Important, neglected AI topics
Lukas Finnveden discusses some important but neglected AI topics that don’t fit easily within the usual conception of alignment:
- The potential moral value of AI.
- The potential importance of making AI behave cooperatively towards humans, other AIs, or other civilizations (whether it ends up intent-aligned or not).
- Questions about how human governance institutions will keep up if AI leads to explosive growth.
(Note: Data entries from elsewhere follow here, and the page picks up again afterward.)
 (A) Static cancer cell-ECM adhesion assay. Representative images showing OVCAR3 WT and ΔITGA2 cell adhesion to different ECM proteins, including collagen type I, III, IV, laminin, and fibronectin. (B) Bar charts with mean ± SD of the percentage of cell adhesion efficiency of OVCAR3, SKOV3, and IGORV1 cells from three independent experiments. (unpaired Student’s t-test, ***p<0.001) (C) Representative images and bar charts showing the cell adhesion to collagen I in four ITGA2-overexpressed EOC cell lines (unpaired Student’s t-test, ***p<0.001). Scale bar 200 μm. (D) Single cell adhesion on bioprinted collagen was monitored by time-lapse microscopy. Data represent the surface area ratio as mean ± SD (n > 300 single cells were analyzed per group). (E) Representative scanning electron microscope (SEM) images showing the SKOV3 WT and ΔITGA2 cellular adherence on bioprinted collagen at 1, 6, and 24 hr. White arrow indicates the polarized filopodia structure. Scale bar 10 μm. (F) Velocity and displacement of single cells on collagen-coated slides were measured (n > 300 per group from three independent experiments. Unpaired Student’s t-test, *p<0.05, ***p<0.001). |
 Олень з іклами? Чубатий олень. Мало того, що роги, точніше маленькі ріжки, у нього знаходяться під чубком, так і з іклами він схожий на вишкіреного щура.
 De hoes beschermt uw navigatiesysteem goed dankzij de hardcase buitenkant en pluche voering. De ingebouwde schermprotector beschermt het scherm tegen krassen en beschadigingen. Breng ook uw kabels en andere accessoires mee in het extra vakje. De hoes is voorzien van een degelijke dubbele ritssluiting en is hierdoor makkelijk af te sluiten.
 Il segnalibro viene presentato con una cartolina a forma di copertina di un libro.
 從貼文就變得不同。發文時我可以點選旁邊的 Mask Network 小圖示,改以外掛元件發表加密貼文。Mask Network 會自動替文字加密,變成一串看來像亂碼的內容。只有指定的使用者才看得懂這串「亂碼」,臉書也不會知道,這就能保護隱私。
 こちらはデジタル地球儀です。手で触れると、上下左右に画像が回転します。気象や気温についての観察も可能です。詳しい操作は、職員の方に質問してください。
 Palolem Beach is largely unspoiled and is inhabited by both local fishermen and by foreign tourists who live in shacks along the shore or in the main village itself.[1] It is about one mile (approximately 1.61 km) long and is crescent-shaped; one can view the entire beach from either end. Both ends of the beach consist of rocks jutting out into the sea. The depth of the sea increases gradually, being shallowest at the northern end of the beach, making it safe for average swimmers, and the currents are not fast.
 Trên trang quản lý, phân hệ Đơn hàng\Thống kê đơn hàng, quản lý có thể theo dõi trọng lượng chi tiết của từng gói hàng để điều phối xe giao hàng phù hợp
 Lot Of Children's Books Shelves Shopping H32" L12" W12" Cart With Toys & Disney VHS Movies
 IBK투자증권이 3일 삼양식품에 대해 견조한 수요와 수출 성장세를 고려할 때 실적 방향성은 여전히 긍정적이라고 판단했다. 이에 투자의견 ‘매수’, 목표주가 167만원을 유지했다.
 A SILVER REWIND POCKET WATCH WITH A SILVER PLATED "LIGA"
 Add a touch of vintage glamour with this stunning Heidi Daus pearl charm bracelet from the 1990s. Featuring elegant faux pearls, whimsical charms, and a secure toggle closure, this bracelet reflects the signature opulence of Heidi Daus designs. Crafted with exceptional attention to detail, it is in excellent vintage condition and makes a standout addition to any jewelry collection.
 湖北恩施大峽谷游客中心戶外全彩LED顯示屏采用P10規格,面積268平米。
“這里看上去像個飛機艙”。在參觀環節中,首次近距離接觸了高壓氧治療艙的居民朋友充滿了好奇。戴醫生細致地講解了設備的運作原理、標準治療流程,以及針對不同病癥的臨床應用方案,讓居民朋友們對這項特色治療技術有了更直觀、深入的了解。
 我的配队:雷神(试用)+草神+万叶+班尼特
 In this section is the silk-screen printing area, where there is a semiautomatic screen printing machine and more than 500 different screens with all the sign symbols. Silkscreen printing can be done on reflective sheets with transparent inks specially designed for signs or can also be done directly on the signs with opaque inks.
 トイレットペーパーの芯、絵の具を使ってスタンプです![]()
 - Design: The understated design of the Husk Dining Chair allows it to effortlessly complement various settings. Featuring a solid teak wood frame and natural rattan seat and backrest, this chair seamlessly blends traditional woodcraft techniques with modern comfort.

- Ways in which AI could cause human deliberation to get derailed, e.g. powerful persuasion abilities.
- Positive visions about how we could end up on a good path towards becoming a society that makes wise and kind decisions about what to do with the resources accessible to us. (Including how AI could help with this.)
I’m currently trying to figure out useful research projects on AI that speak to my comparative advantages (whatever those may be), so I’m interested in exploring suggestions like these.
There’s already some good work on the potential moral value of AI (e.g. by Bostrom, and also this report on consciousness in AI). I’m not sure how much I have to add to this, though it’s certainly an area I’d like to keep up with.
I’ve been thinking a bit about cooperation as a useful framing for AI alignment and safety, particularly in the context of cultural evolution, though without making much progress so far. But I wonder how valuable this is if we don’t get intent alignment. (I’m intuitively skeptical, though perhaps that’s wrong.) And I’m not sure I’m ready to take the plunge on wacky multiverse-wide cooperation stuff.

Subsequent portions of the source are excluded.